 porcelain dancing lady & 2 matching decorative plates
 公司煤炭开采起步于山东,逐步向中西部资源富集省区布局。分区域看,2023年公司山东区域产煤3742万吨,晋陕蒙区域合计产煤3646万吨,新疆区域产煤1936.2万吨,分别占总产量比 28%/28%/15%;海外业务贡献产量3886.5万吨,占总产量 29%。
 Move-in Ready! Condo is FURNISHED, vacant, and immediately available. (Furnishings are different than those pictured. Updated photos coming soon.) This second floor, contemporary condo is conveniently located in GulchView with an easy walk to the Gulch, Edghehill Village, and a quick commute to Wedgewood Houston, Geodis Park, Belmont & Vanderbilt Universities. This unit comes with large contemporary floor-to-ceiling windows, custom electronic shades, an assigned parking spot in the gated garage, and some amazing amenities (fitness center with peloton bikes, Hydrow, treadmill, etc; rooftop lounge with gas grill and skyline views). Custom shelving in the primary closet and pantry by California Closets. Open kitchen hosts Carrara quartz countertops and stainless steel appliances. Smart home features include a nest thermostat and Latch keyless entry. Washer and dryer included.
◇ ◇ ◇
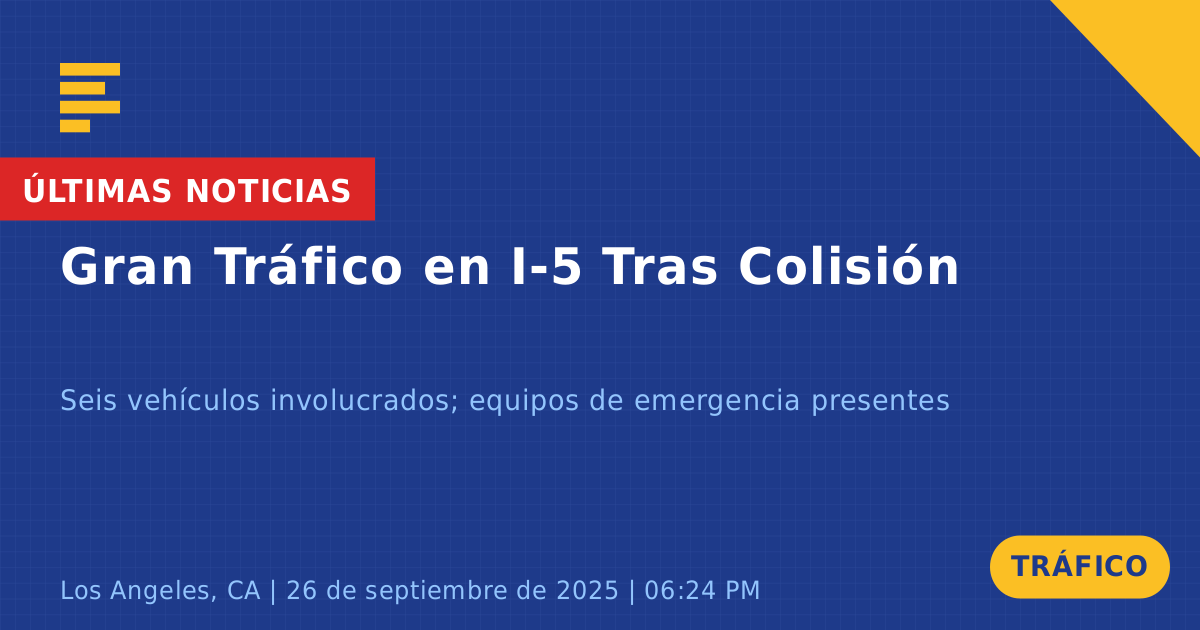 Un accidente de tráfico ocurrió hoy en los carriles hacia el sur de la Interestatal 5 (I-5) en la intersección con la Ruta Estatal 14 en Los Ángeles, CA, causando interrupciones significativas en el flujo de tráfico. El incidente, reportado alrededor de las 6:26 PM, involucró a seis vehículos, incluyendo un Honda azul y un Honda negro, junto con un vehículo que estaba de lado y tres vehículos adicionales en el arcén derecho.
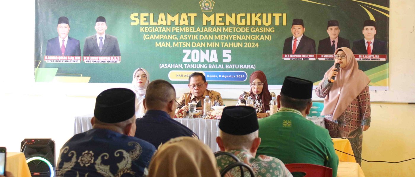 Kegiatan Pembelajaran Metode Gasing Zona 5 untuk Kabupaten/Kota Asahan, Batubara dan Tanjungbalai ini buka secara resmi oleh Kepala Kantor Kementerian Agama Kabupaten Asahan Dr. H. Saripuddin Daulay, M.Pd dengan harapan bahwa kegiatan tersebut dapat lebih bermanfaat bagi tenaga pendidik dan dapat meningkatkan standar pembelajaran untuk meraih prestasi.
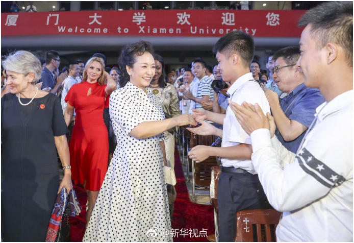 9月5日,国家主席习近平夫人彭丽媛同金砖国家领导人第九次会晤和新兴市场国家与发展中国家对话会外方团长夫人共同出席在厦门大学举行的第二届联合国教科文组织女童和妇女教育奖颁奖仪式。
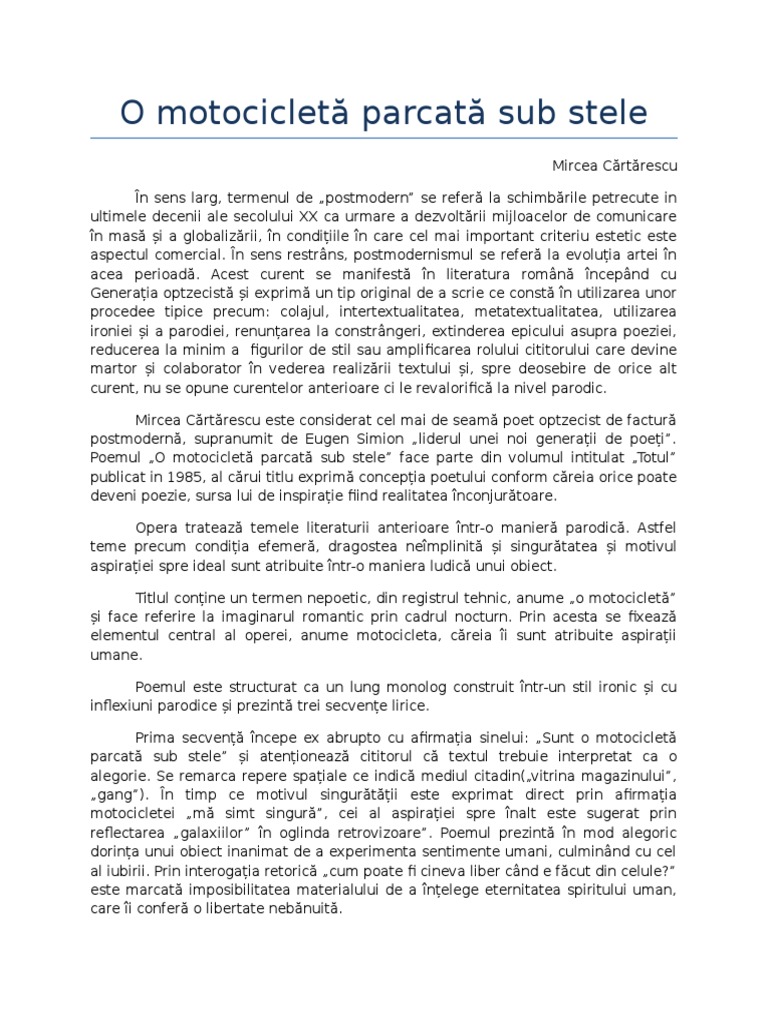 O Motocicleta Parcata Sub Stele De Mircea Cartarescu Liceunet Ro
◇ ◇ ◇
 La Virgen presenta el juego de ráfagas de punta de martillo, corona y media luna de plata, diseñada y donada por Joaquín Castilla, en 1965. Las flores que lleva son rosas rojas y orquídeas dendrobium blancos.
◇ ◇ ◇
> **PROBLEM DETAILS**:
The response must hold only the lines above from the line with "porcelain dancing lady" through the line with "Move-in Ready! Condo", each copied exactly, both ends kept.

> **ANSWER SECTION**:
 porcelain dancing lady & 2 matching decorative plates
 公司煤炭开采起步于山东,逐步向中西部资源富集省区布局。分区域看,2023年公司山东区域产煤3742万吨,晋陕蒙区域合计产煤3646万吨,新疆区域产煤1936.2万吨,分别占总产量比 28%/28%/15%;海外业务贡献产量3886.5万吨,占总产量 29%。
 Move-in Ready! Condo is FURNISHED, vacant, and immediately available. (Furnishings are different than those pictured. Updated photos coming soon.) This second floor, contemporary condo is conveniently located in GulchView with an easy walk to the Gulch, Edghehill Village, and a quick commute to Wedgewood Houston, Geodis Park, Belmont & Vanderbilt Universities. This unit comes with large contemporary floor-to-ceiling windows, custom electronic shades, an assigned parking spot in the gated garage, and some amazing amenities (fitness center with peloton bikes, Hydrow, treadmill, etc; rooftop lounge with gas grill and skyline views). Custom shelving in the primary closet and pantry by California Closets. Open kitchen hosts Carrara quartz countertops and stainless steel appliances. Smart home features include a nest thermostat and Latch keyless entry. Washer and dryer included.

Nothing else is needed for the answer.